Naar inhoud springen

Confessiones

Uit Wikipedia, de vrije encyclopedie
Bladzijde van een handschrift van de Confessiones

De Confessiones (nl: Belijdenissen) van Augustinus van Hippo (354-430) is een autobiografisch boek met dertien hoofdstukken, geschreven tussen 397 en 398 na Christus. Tegenwoordig wordt het boek meestal uitgegeven onder de titel Belijdenissen van St. Augustinus, ter onderscheid van andere werken met vergelijkbare titels, zoals bijvoorbeeld de Bekentenissen van Jean-Jacques Rousseau, die zich voor de titel liet inspireren door Augustinus.

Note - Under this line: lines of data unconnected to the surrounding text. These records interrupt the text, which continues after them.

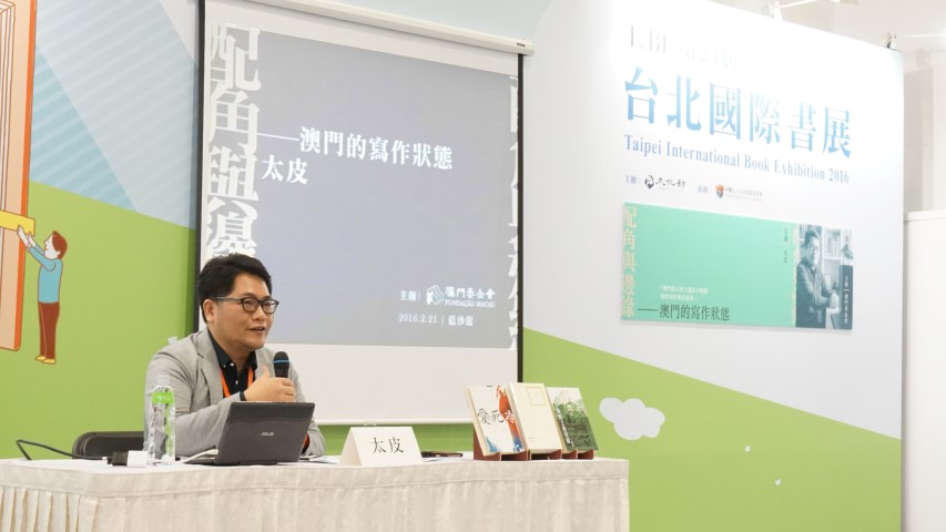 書展期間,本會邀請“澳門文學叢書”系列的《神跡》作者黃春年(筆名︰太皮)舉辦題為“配角與邊緣——澳門的寫作狀態”的講座。講者由自身成長經歷及寫作經驗出發,形象地描繪澳門的城市性格︰以彈丸之地夾在中國內地及香港兩大華人文化“中心”之間,常顯得“配角與邊緣”,太皮坦言澳門的“創作土壤並不豐潤”,但寫作環境卻充滿人文情懷,澳門的寫作人深植社區︰“包括我在內,我們都有離文學很遠的工作,我的寫作朋友有的是退役警察,有的是保安公司的管理層,也有的在賭場工作,但我們都在寫。” 近年,在政府和民間的支持推動下,有更多發表作品的渠道,如本會組織出版的“澳門文學叢書”,系統地結集澳門作品,傳承澳門文學;加上新媒體興起提供平台,以及澳門作者的奮進,相信澳門文學可以在夾縫裡開花。太皮寄語澳門文學是“最在地的也是最世界的。澳門雖小,但小地方也可以有大文學,書寫澳門故事仍是非常重要。”講座吸引了逾60位台灣讀者參與,座無虛席,讀者對澳門文化甚為好奇,發問者眾,討論氣氛熱絡。
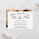 Moderna, moderna y sencilla invitación a la fiesta de compromiso incluye la escritura '' future mr and mrs'' en letras manuscritas, nombres futuros de parejas y detalles de fiestas. Añadir la foto favorita de la pareja en la parte de atrás.
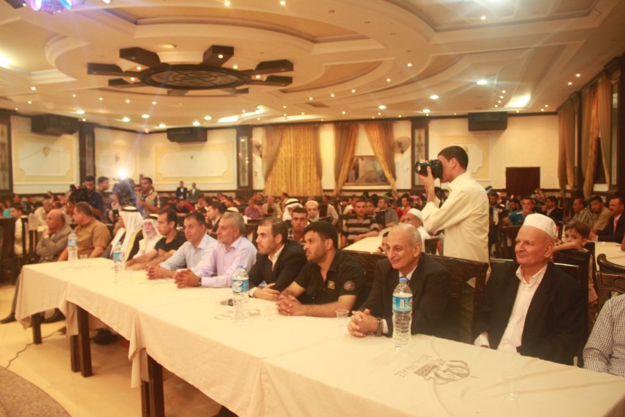 صالة رويال بلاس- خان يونس- السطر الشرقي- الأربعاء الموافق 18-6-2014م- الاحتفال الفني الكبير ابتهاجاً بفوز المنشد أحمد عبدالجواد حامد العقاد وتتويجه لقب النجم في مسابقة الانشاد الوطني التي اقامتها قناة الكتاب الفضائية لعام 2014م .
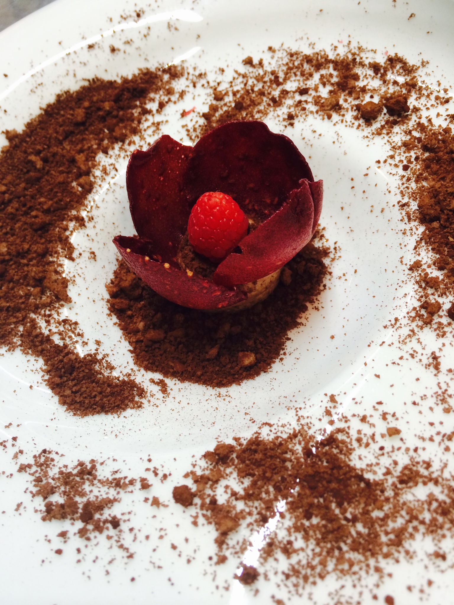 こちらはガナッシュにフランボワーズの飴を指して花に見立てたものです。

De Confessiones gaan over de zondige jeugd van Augustinus en zijn bekering tot het christendom. De opzet is protreptisch, dat wil zeggen dat de lezer zich met de wederwaardigheden van Augustinus dient te identificeren, een voorbeeld neemt aan Augustinus' ontwikkeling en aldus zelf ook de weg tot het ware geloof kan vinden.[1] De eerste negen hoofdstukken vormen een min of meer aaneengesloten autobiografie; de laatste hoofdstukken lijken daarvan meer los te staan. Het werk wordt algemeen beschouwd als de eerste westerse, christelijke autobiografie en stond model voor christelijke schrijvers gedurende het volgende millennium, waaronder de gehele middeleeuwen. De autobiografie is niet compleet; ze werd geschreven toen Augustinus een veertiger was en daarna leefde hij nog ruim dertig jaar. Wel biedt het boek een ononderbroken overzicht van het tot stand komen van zijn filosofische en theologische inzichten. De Confessiones is het meest omvattende werk over het leven van enig persoon uit de 4e of 5e eeuw. Augustinus schreef later onder andere nog De civitate Dei (de stad Gods). Beide boeken zijn theologische werken van grote betekenis.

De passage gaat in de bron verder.